Use one of the dremel flex cable extenders so you don't pack the dremel full of conducting dust. They last longer that way.
We use the dremels at work to make tiny stainless medical device parts and that's the only way we get life from them.
Ben , I did the valve guide replacement and valve seat grind thingy. Need a nice long step drill for the guides, and an oven to heat the heads. Step drill the guides from the chamber side and knock out. To replace, simply heat the head and using a stepped rod, pound the new guides in.
Oh yeah, distrust the guy you buy the guides from and measure them before you punch the guides in. Failure to do this results in a cracked head. Ask me how I know
Had a coupla simple steped punch tools made to do this- 1 1/2 od rod with a section turned down to the valve guide ID. Do it on a lathe.
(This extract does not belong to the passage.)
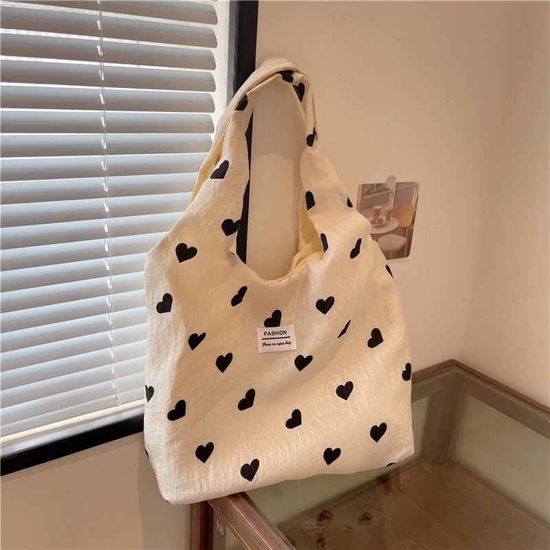 新款纹理爱心小花帆布单肩背心包大容量手提包学生腋下托特包

As per the seats, bought several valve seat grinding stones at the correct angles and different grits. Get a threaded rod to fit into the center bore of the stones. Use 2 nuts and washers to lock the stone onto the theaded rod. Turned down a front section of a threaded rod to fit into the valve guide ID. Fit the turned portion of the threaded rod into the guide to align the stones to the seat. Turn the threaded rod by hand and reface the seats. Doesn't take much pressure. Stones were about $15 about 12 years ago. Oh yeah, intake and exhaust valves are different OD and you will need 2 different punching and grinding tools.
Bought new valves, dychem blued the seats, put a dab of grinding compound on the valve and got a perfect match.